Sometimes we experience odd things, and we wonder why God permitted them to happen.
We may try to find an explanation, yet ultimately, we realize that many things in this broken world do not make any sense and many things occur without any particular divine purpose. All the more joyous it is then when we discover that something good came out of it.
Maybe Ellen White felt this way when one of the great mysteries of her life was solved while she attended the Michigan camp meeting in the fall of 1876.1 At the end of the meeting, a sister approached her and asked her if Ellen recognized her. Twenty-three years earlier, in June 1853, Ellen and James had been on their way to hold meetings in Vergennes, Michigan, when they called at a log cabin in the middle of the woods. The woman of the house gave them refreshments and Ellen “talked to her of Jesus and the beauties of Heaven.” “The words were spoken with such fervor that she was charmed and had never forgotten them.” Ellen gave her the only book she had written up to that time, i.e., “A Sketch of the Christian Experience and Views of Ellen G. White” (1851; now part of “Early Writings”). The woman was intrigued by its content, and as new families settled around her, she lent the book to them until, after performing its silent work, it had become completely worn out. Meanwhile, Seventh-day Adventist ministers arrived in the area and preached the present truth to them so that quite a company of people embraced the Sabbath. The woman was overjoyed to meet Ellen White again and desired to obtain another copy of the book.
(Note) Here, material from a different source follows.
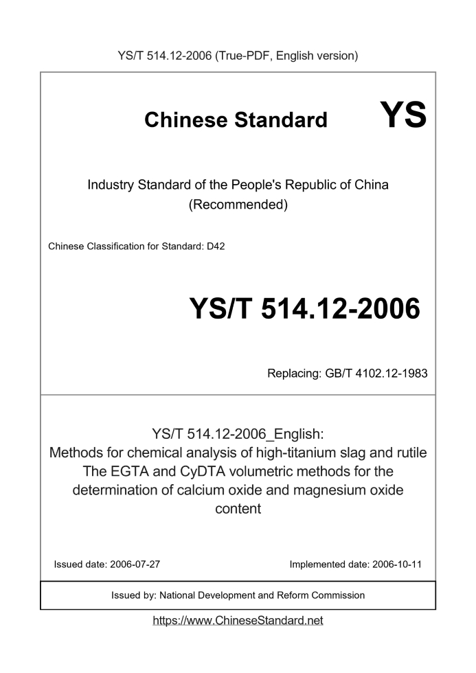 Basic dataStandard ID: YS/T 514.12-2006 (YS/T514.12-2006)Description (Translated English): Methods for chemical analysis of high-titanium slag and rutile The EGTA and CyDTA volumetric methods for the determination of calcium oxide and magnesium oxide content Sector / Industry: Nonferrous Metallurgy Industry Standard (Recommended) Classification of Chinese Standard: D42 Classification of International Standard: 73.060 Word Count Estimation: 4,491 Date of Issue: 2006-07-27 Date of Implementation: 2006-10-11 Older Standard (superseded by this standard): GB/T 4102.12-1983 Regulation (derived from): ?Development and Reform Commission Announcement 2006 No.46; Industry-Science [2009] No.66 Issuing agency(ies): National Development and Reform Commission Summary: This standard applies to high titanium slag, determination of rutile in the amount of calcium oxide and magnesium oxide. Measuring range: 0. 20 to 5. 00% calcium oxide, magnesium 0. 20 to 15. 00%. Compliance with this standard GB 1467-1978 "Methods for chemical analysis of metallurgical products standard General rules and regulations. " Tips & Frequently Asked Questions:Question 1: How long will the true-PDF of YS/T 514.12-2006_English be delivered?Answer: Upon your order, we will start to translate YS/T 514.12-2006_English as soon as possible, and keep you informed of the progress. The lead time is typically in 9 seconds (download/delivered in 9 seconds). The lengthier the document the longer the lead time.Question 2: Can I share the purchased PDF of YS/T 514.12-2006_English with my colleagues?Answer: Yes. The purchased PDF of YS/T 514.12-2006_English will be deemed to be sold to your employer/organization who actually pays for it, including your colleagues and your employer's intranet.Question 3: Does the price include tax/VAT?Answer: Yes. Our tax invoice, downloaded/delivered in 9 seconds, includes all tax/VAT and complies with 100+ countries' tax regulations (tax exempted in 100+ countries) -- See Avoidance of Double Taxation Agreements (DTAs): List of DTAs signed between Singapore and 100+ countriesQuestion 4: Do you accept my currency other than USD?Answer: Yes. If you need your currency to be printed on the invoice, please write an email to Sales@ChineseStandard.net. In 2 working-hours, we will create a special link for you to pay in any currencies. Otherwise, follow the normal steps: Add to Cart -- Checkout -- Select your currency to pay. |

This encounter brought some closure for Ellen White concerning the circumstances of that seeming chance encounter in June 1853. Although their driver had known the way to Vergennes well, somehow, traveling “through the woods, over logs and fallen trees, where there was scarcely a trace of road,” he “was compelled to acknowledge that he had lost the way.” They had no food and nothing to drink, and any attempts to find anything to drink turned out to be futile, drawing them further away from their actual destination. As Ellen “was fainting with thirst,” James White prayed for her that she “might be sustained on that dreary journey.” They “could not understand why [they] should be left to this singular wandering in the wilderness.” Finally, they reached a little clearing with a log cabin where this woman lived.
At the camp meeting in 1876, Ellen noted, “Our wanderings on this journey have seemed indeed mysterious to us, but here we met quite a company who are now believers in the truth, and who date their first experience from the influence of that little book.” The resolution of mysteries may not come in our lifetime, but we may be thrilled when we do experience it here.
Denis Kaiser is an associate professor of church history at the Seventh-day Adventist Theological Seminary at Andrews University.